▶ [Material shown]:
BEGIN
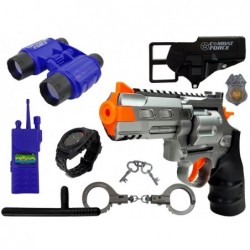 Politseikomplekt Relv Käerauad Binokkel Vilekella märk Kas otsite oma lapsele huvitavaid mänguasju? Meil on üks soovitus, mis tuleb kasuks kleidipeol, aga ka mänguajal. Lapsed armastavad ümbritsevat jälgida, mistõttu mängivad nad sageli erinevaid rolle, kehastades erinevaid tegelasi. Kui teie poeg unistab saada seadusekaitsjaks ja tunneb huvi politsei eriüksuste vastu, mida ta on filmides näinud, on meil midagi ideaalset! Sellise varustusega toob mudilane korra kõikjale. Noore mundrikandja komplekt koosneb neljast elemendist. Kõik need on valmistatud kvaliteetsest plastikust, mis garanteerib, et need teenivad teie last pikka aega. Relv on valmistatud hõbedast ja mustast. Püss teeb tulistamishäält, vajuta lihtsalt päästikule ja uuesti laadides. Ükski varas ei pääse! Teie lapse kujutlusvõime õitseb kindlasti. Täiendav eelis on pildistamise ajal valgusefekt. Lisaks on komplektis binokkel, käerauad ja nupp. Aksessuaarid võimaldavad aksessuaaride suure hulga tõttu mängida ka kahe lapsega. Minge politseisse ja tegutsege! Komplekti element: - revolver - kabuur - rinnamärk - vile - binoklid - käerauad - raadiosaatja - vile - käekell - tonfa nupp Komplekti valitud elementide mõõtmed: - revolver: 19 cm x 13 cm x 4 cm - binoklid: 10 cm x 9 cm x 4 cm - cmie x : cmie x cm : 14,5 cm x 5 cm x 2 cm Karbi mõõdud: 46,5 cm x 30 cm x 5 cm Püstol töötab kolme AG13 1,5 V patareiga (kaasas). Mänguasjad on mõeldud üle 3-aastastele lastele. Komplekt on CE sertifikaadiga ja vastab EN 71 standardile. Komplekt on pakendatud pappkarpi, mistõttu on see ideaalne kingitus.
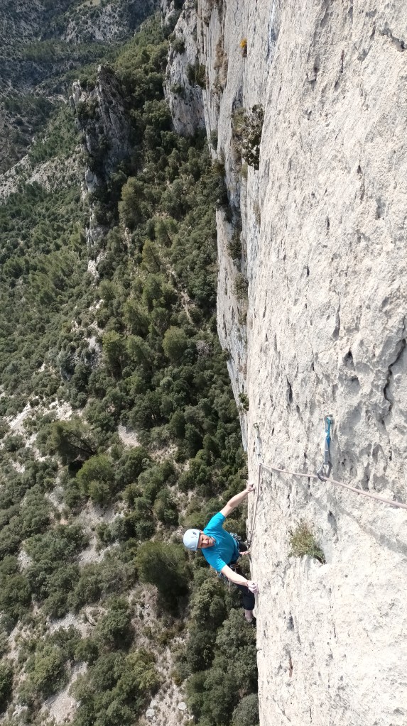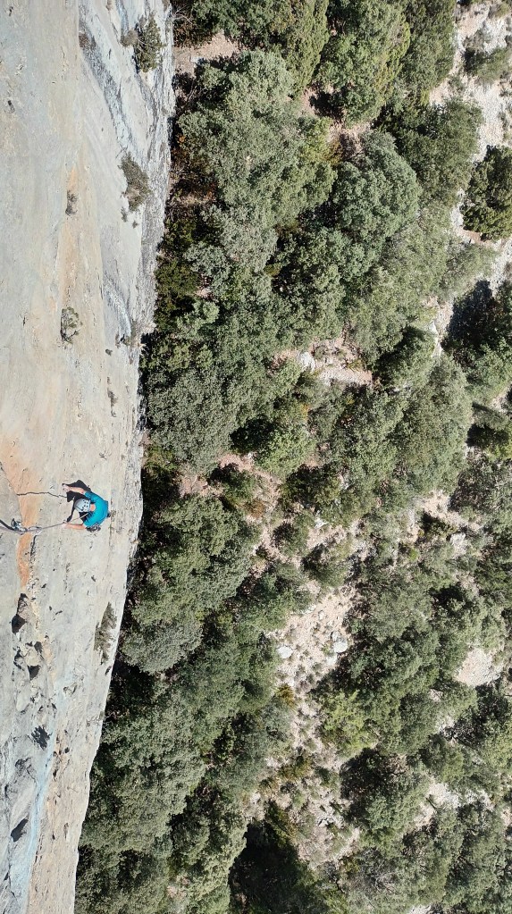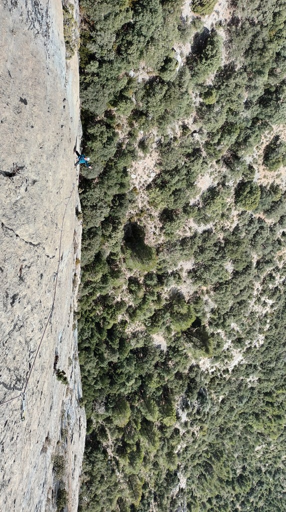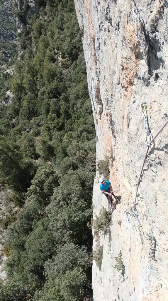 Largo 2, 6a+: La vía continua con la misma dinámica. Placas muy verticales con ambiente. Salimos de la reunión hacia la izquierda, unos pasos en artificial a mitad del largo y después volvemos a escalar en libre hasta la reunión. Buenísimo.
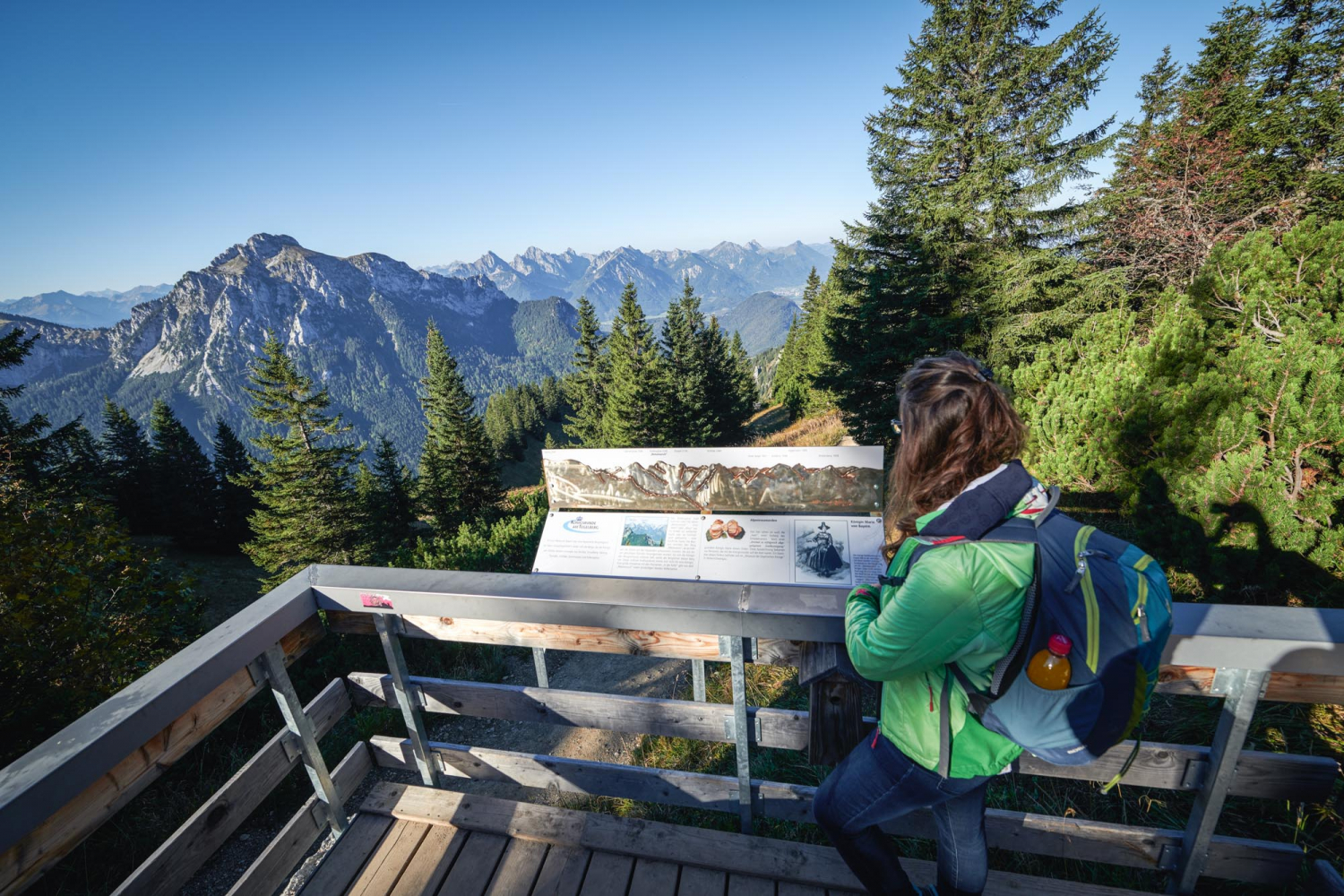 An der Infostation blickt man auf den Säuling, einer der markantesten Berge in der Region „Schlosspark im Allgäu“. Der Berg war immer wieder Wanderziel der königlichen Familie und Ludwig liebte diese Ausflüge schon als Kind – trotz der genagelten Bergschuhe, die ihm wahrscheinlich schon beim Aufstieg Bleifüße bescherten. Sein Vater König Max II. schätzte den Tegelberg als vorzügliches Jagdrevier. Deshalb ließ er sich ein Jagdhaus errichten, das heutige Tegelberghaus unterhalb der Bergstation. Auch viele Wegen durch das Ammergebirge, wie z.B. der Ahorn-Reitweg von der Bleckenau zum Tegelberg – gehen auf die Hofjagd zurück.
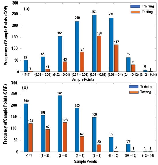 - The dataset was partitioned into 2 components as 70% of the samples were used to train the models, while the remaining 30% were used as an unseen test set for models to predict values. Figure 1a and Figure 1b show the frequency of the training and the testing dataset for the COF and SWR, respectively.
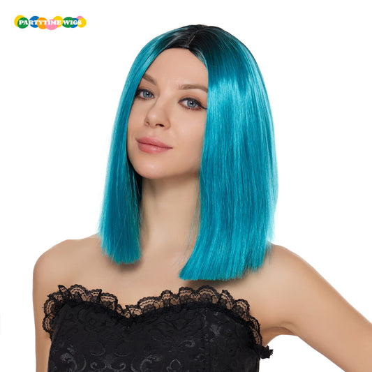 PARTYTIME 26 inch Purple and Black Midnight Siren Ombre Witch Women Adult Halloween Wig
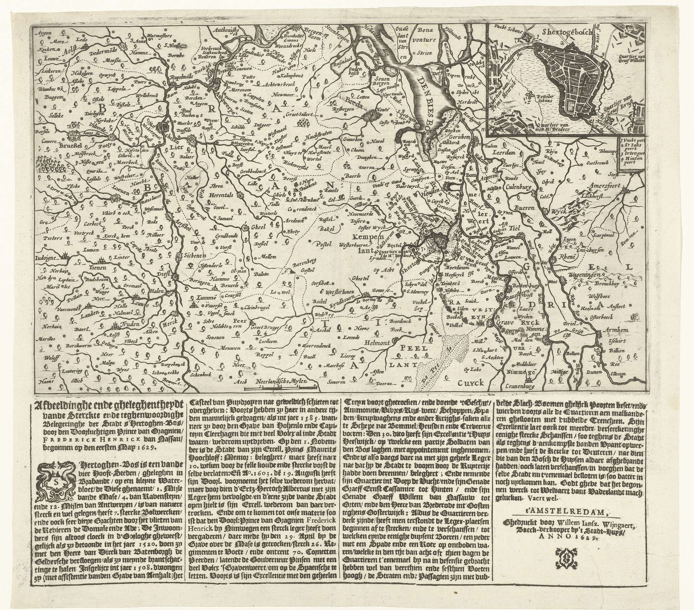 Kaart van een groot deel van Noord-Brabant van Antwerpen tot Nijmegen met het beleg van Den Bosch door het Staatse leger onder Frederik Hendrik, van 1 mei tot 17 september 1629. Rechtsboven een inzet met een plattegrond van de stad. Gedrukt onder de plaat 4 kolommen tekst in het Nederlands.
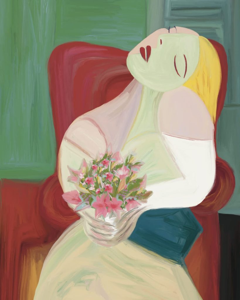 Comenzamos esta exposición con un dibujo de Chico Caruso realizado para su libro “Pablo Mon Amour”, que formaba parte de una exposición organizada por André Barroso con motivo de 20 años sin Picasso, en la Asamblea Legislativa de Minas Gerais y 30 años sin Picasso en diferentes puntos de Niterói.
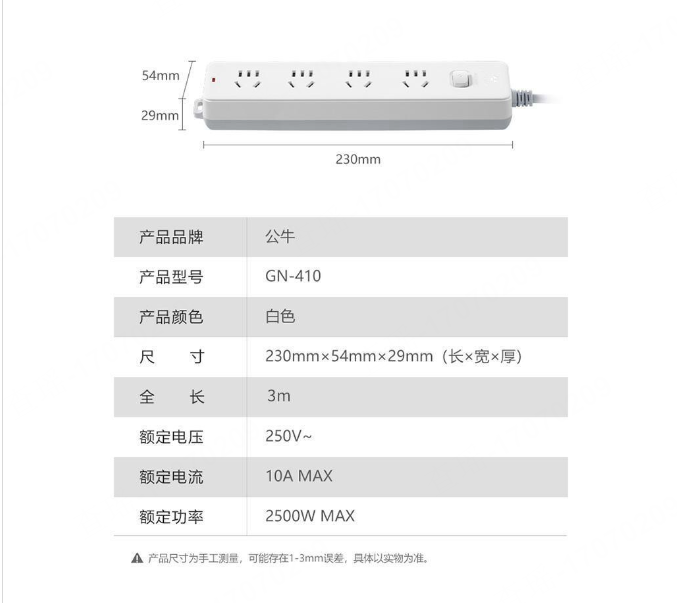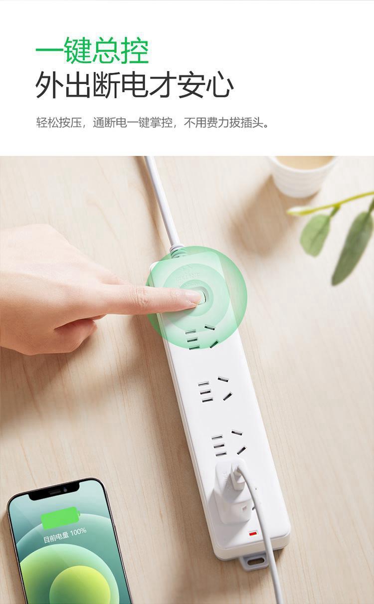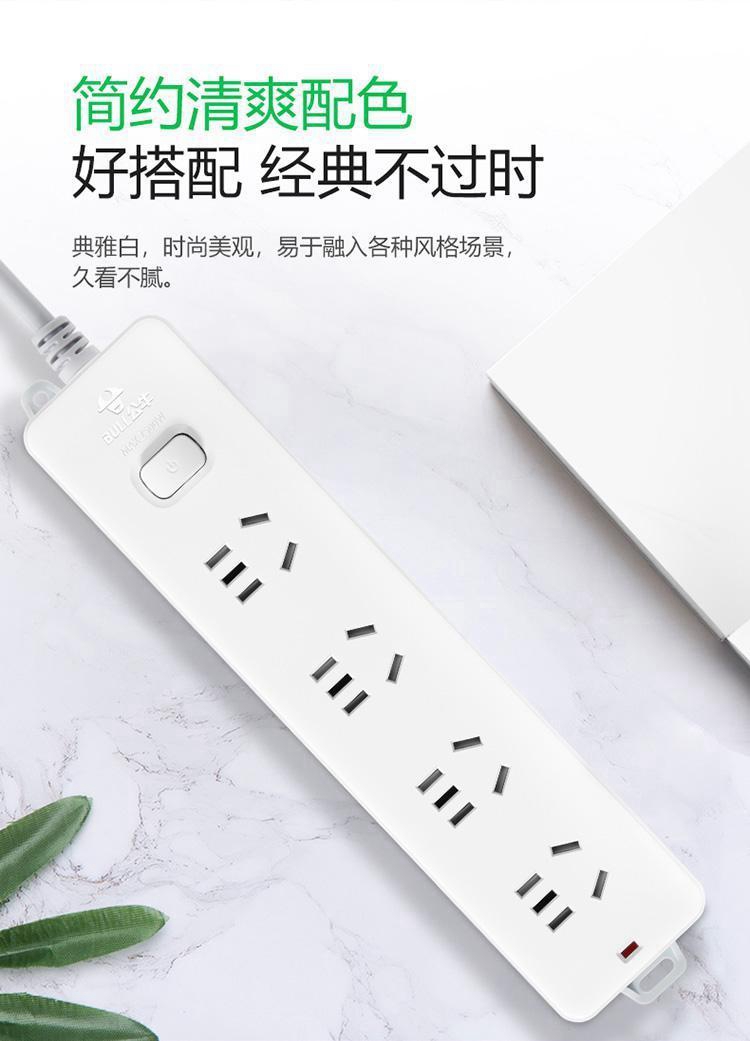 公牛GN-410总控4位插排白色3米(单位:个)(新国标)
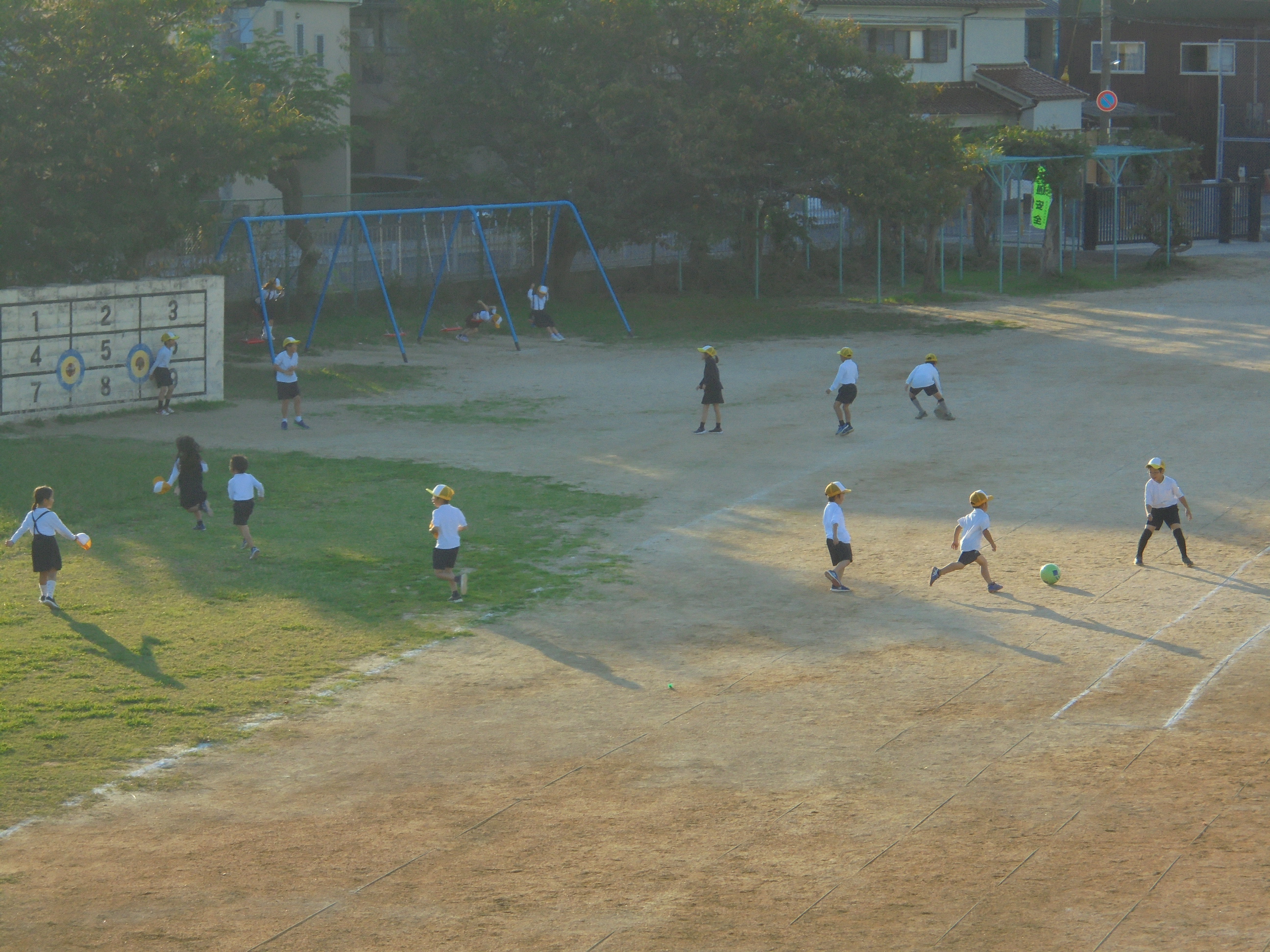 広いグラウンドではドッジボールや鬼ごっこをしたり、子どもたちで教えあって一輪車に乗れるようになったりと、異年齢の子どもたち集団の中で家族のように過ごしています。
END
From the line with "PARTYTIME 26 inch" through the final line of the records above, return each line exactly and nothing else. Pictures are to be skipped.

▶ [Reply]:
 PARTYTIME 26 inch Purple and Black Midnight Siren Ombre Witch Women Adult Halloween Wig
 Kaart van een groot deel van Noord-Brabant van Antwerpen tot Nijmegen met het beleg van Den Bosch door het Staatse leger onder Frederik Hendrik, van 1 mei tot 17 september 1629. Rechtsboven een inzet met een plattegrond van de stad. Gedrukt onder de plaat 4 kolommen tekst in het Nederlands.
 Comenzamos esta exposición con un dibujo de Chico Caruso realizado para su libro “Pablo Mon Amour”, que formaba parte de una exposición organizada por André Barroso con motivo de 20 años sin Picasso, en la Asamblea Legislativa de Minas Gerais y 30 años sin Picasso en diferentes puntos de Niterói.
 公牛GN-410总控4位插排白色3米(单位:个)(新国标)
 広いグラウンドではドッジボールや鬼ごっこをしたり、子どもたちで教えあって一輪車に乗れるようになったりと、異年齢の子どもたち集団の中で家族のように過ごしています。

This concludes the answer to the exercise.